WLWL
- Rockingham, North Carolina; United States;
- Frequency: 770 kHz C-QUAM AM Stereo
- Branding: 770 The Big Wave

Programming
- Format: Urban oldies

Ownership
- Owner: Beach Music Broadcasting, Inc.

History
- First air date: 1970

Technical information
- Licensing authority: FCC
- Facility ID: 58964
- Class: D
- Power: 5,000 watts day
- Transmitter coordinates: 34°55′30″N 79°47′11″W﻿ / ﻿34.92500°N 79.78639°W

Links
- Public license information: Public file; LMS;
- Webcast: Listen Live
- Website: www.77wlwl.com

= WLWL =

WLWL (770 AM) is a radio station broadcasting an urban oldies music format with an emphasis on beach music that is licensed to Rockingham, North Carolina, United States. While its effective coverage range is the Sandhills area of Central North and South Carolina, its signal reaches as far as Charlotte, 75 miles to the west. The station is currently owned by Beach Music Broadcasting, Inc.

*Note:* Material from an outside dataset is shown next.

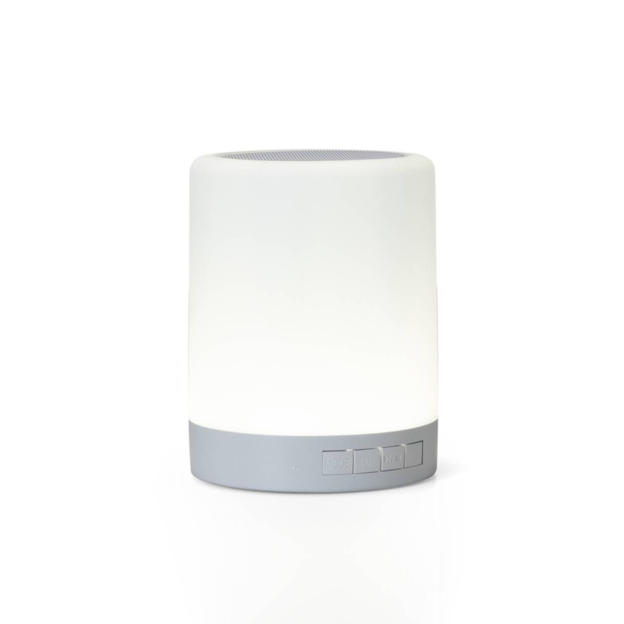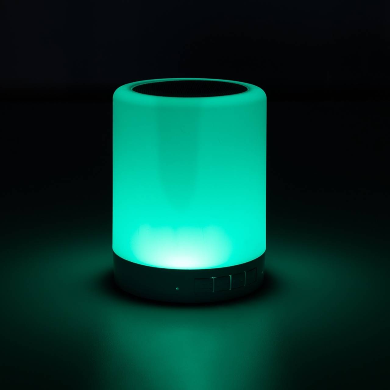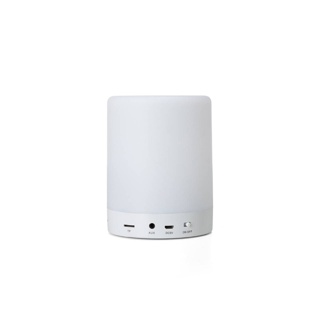 Descrição: Caixa de som multimídia com luzes. Material plástico resistente na cor branca fosca, parte superior com falante e sensor touch para troca de luzes. Parte inferior branca leitosa, base com EVA antideslizante e alça de alumínio para transporte. A caixinha executa nos modos Bluetooth, rádio FM, auxiliar e cartão TF (MicroSD). Acompanha cabo USB e cabo Auxiliar (P2).

The station was first licensed March 6, 1970. WLWL uses airchecks from WABC in New York City that feature the words "seventy-seven" in jingle form to promote its frequency of 770 kHz.

WLWL broadcasts only during daylight hours, to avoid interference with WABC, which has a Class A clear-channel license for the same frequency.